» TASK INSTRUCTIONS
Please output exactly the lines below, starting at the line that has "Just as witnessed" and ending at the line that has "最近,在濰坊市建設(shè)", both included; leave out all pictures and include nothing else.
*** Opening DATASET ENTRIES ***
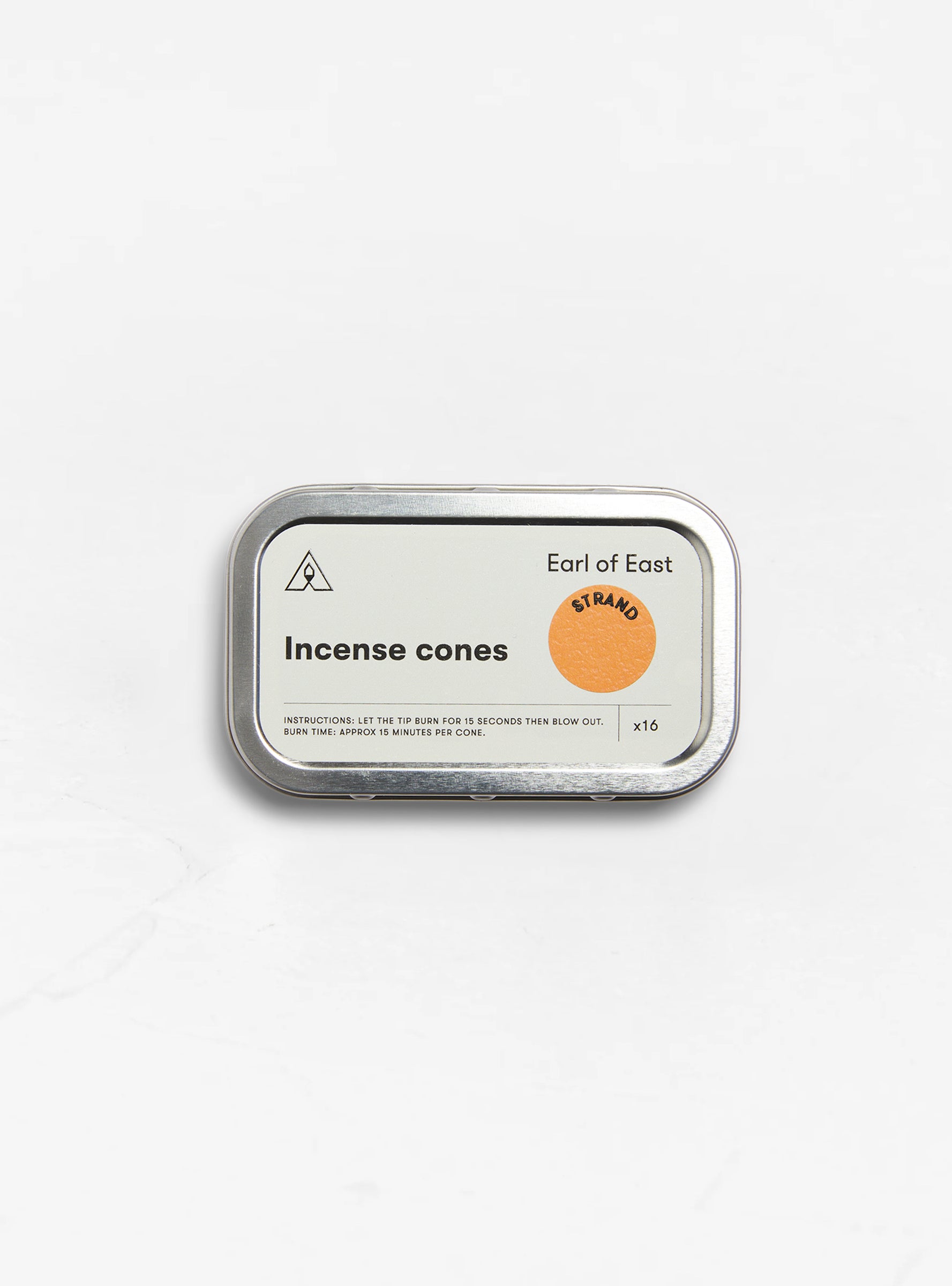 These Strand incense cones by Earl of East create a clarifying and invigorating scent. Each cone burns for approximately 15 minutes and each tin contains 16 cones.
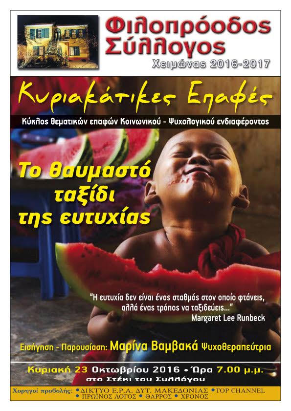Κυριακή 23 Οκτωβρίου 2016, στις 7:00 το απόγευμα, στο Στέκι του Συλλόγου (Γ. Αγόρα 6) Τηλ. επικοινωνίας: 6945292521
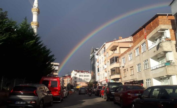 Ordu’da günlerdir aralıklarla devam eden hafif sağanak, bu gece saatlerinde etkisin devam ettirdi. Sabah saatlerinde güneşin etkisini göstermesi ile birlikte şehir merkezinde beliren gökkuşağı kartpostallık görüntü oluşturdu. Genellikle yağmur sonrası güneşin çıkmasıyla birlikte havada kalan su buharının prizmatik yansımasıyla birlikte oluştuğu bilinen gökkuşağı, vatandaşların ilgisini çekti. Kentin farklı noktalarından görülen ve vatandaşlar tarafından da fotoğraflanan gökkuşağı bir süre sonra kayboldu.
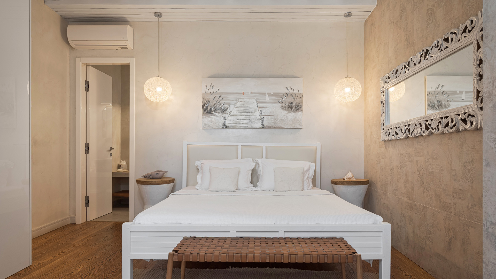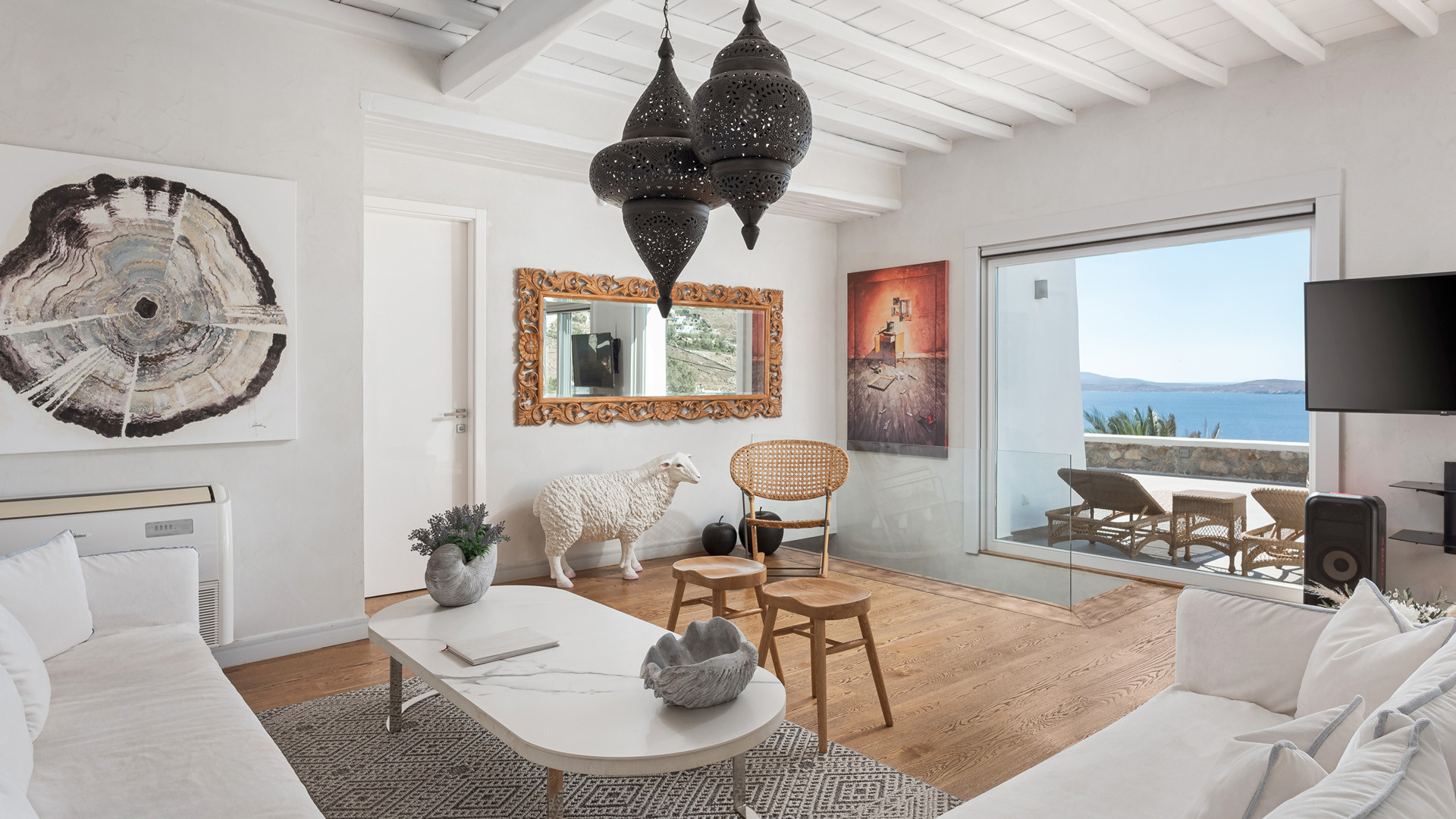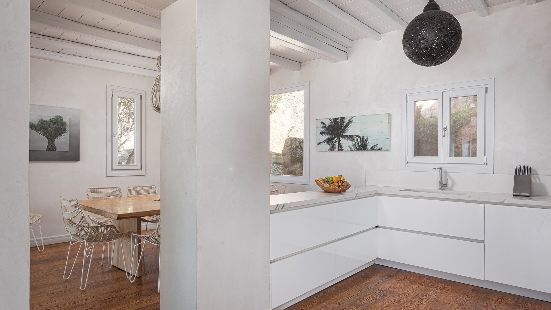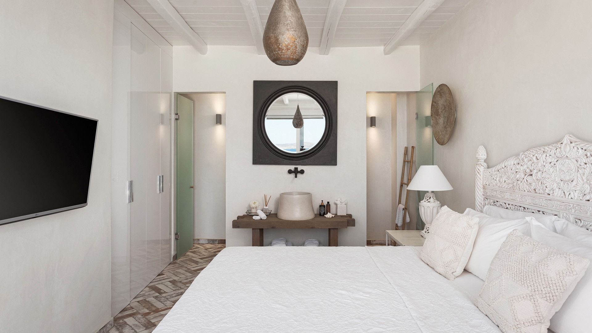 Just as witnessed outdoors, the interior spaces of Aura seemingly belong in interior design publications for their attention to detail and elegance. A unique style breaks away from the typical Cycladic fashion in an elegant manner be it the parquet floors, attractive artwork or the array of carefully chosen fittings and details.
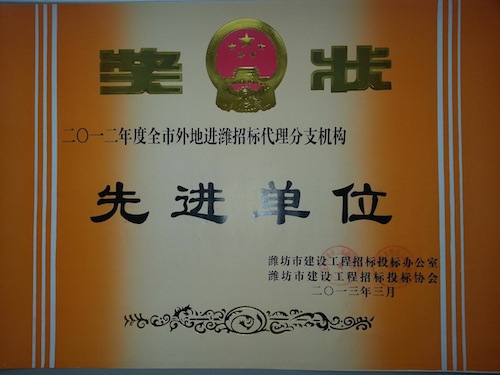 最近,在濰坊市建設(shè)工程招標投標協(xié)會組織的2012年度先進單位和個人評選活動中,我公司濰坊分公司榮獲“2012年度全市外地進濰招標代理分支機構(gòu)先進單位”稱號,高偉九同志被評為“2012年度全市招標代理工作先進個人”。這是濰坊市建設(shè)工程招標投標辦公室與建設(shè)工程招標投標協(xié)會根據(jù)2012年度招標代理機構(gòu)定期考核結(jié)果和實際工作情況評選的,全市共評出8家單位為外地進濰招標先進分支機構(gòu)。
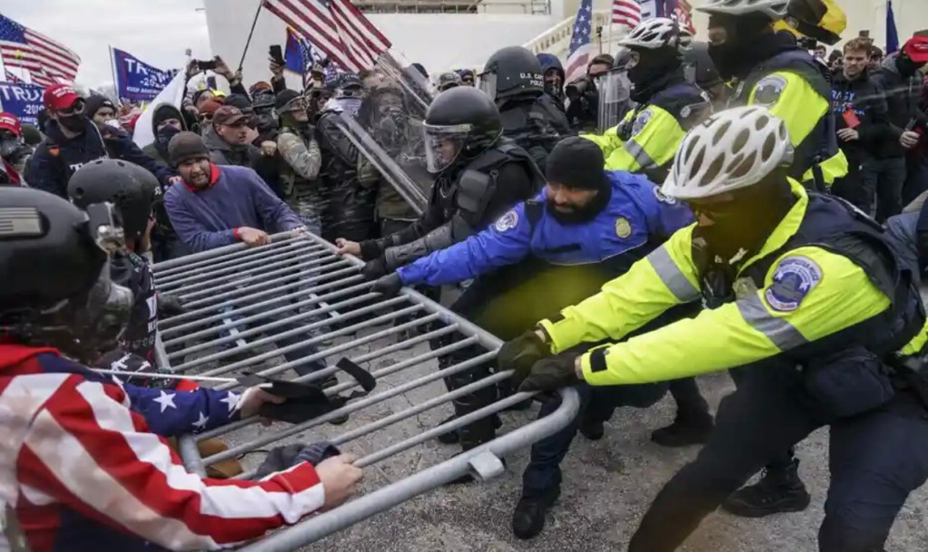 Robert Reich: Beware the big lie, big anger and big money. Rioters try to break through a police barrier at the Capitol in Washington on 6 January.
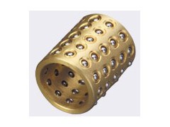 FZH铜基钢球滚珠衬套以铜合金为基体,并在其外圆表面上,加工出排列有序、大小适当,形状特殊的孔穴,在其孔穴中镶入滚动轴承钢球。孔口采用Z新的沟槽圆周锁球工艺,有效地解决了传统点式锁球和压痕锁球不能完全防止钢球脱落的难题。孔底加工出900止口使钢球在孔内自由转动而不脱落。由于钢球的直径大干保持圈的壁厚,所以在使用时钢球高出保持圈内、外圆表面,直接与相配的孔与轴接触,使基体(保持圈)浮于中间,并且相配的孔与轴半径之差小于钢球直径,即钢球与之配合为过盈配合,配合精度高,轴与孔相对运动灵活。是保持圈的更新换代产品。
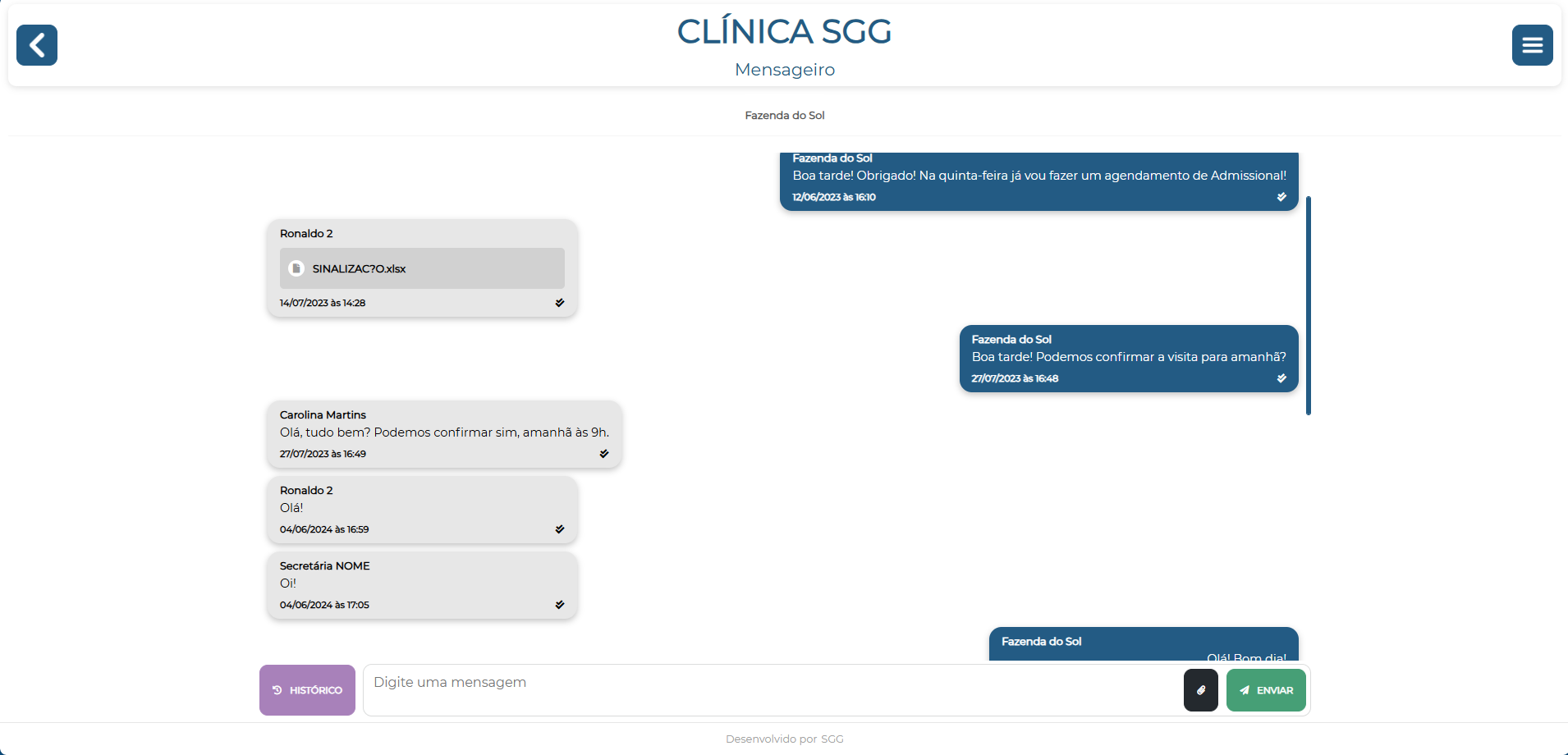 Ferramenta interna de comunicação direta entre cliente e clínica, evitando trocas dispersas por e-mail e telefone e centralizando o histórico de conversas.
*** Closing DATASET ENTRIES ***
» SOLVED PROBLEM
 Just as witnessed outdoors, the interior spaces of Aura seemingly belong in interior design publications for their attention to detail and elegance. A unique style breaks away from the typical Cycladic fashion in an elegant manner be it the parquet floors, attractive artwork or the array of carefully chosen fittings and details.
 最近,在濰坊市建設(shè)工程招標投標協(xié)會組織的2012年度先進單位和個人評選活動中,我公司濰坊分公司榮獲“2012年度全市外地進濰招標代理分支機構(gòu)先進單位”稱號,高偉九同志被評為“2012年度全市招標代理工作先進個人”。這是濰坊市建設(shè)工程招標投標辦公室與建設(shè)工程招標投標協(xié)會根據(jù)2012年度招標代理機構(gòu)定期考核結(jié)果和實際工作情況評選的,全市共評出8家單位為外地進濰招標先進分支機構(gòu)。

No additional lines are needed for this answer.